癌症為涉及異常細胞生長、具有侵入或擴散至身體其他部分之潛能的一組疾病且為全世界死亡之主要原因。
甲基化DNA已作為大部分腫瘤類型之組織中的一類潛在生物標記物加以研究。在許多情況下,DNA甲基轉移酶將甲基添加至胞嘧啶-磷酸酯-鳥嘌呤(CpG)島位點處的DNA,以便對基因表現進行表觀遺傳控制。
US 20210003575係關於BMW Rep蛋白用作結腸癌生物標記物的用途。US 20200291479提供藉由測定癌症組織中之miR-133a含量來評估化學療法(諸如奧沙利鉑療法)在結直腸癌患者中之有效性可能性以及其生存前景的方法。US 20200377959揭示一種檢測(例如篩檢)結直腸癌的方法,該方法包含:測定人類個體之去氧核糖核酸(DNA)中之以下中之每一者的甲基化狀態:(a)基因ZNF132內的甲基化基因座;(b)基因ADAMTS2內的第一甲基化基因座;及(c)基因ADAMTS2內的第二甲基化基因座;以及基於該所測定之甲基化狀態診斷該人類個體的結直腸癌。
然而,當前檢測結直腸癌的技術不令人滿意。
本發明揭示用於結直腸癌之早期檢測、預測治療反應及預後的一或多種新穎表觀遺傳生物標記物。表觀遺傳生物標記物的異常甲基化係在癌症患者的腫瘤組織及血漿樣品中檢測到,但在正常個體中檢測不到。本發明亦揭示本文所用之引子及探針。

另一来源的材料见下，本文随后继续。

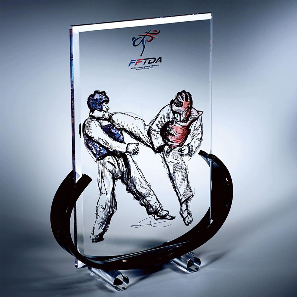 Ce trophée plexiglas transparent repose sur une base noire élégante, offrant une belle stabilité et un contraste raffiné. Son design épuré et sa surface lisse sont parfaits pour une personnalisation sur mesure, idéale pour les remises de prix sportives, professionnelles ou associatives.

在一個實施例中,本發明提供一種檢測個體之甲基化狀態的方法,該個體需要檢測結直腸癌易感性或需要預測結直腸癌之可能性、治療反應、預後或復發,該方法包含(a)提供來自個體的生物樣品,及(b)測定該生物樣品中之包含TMEM240
或其片段或MROH6
或其片段之標靶DNA序列的甲基化狀態;其中該個體之標靶DNA序列存在高甲基化或低甲基化指示結直腸癌且/或指示結直腸癌之易感性、可能性、不良治療反應、不良預後或復發。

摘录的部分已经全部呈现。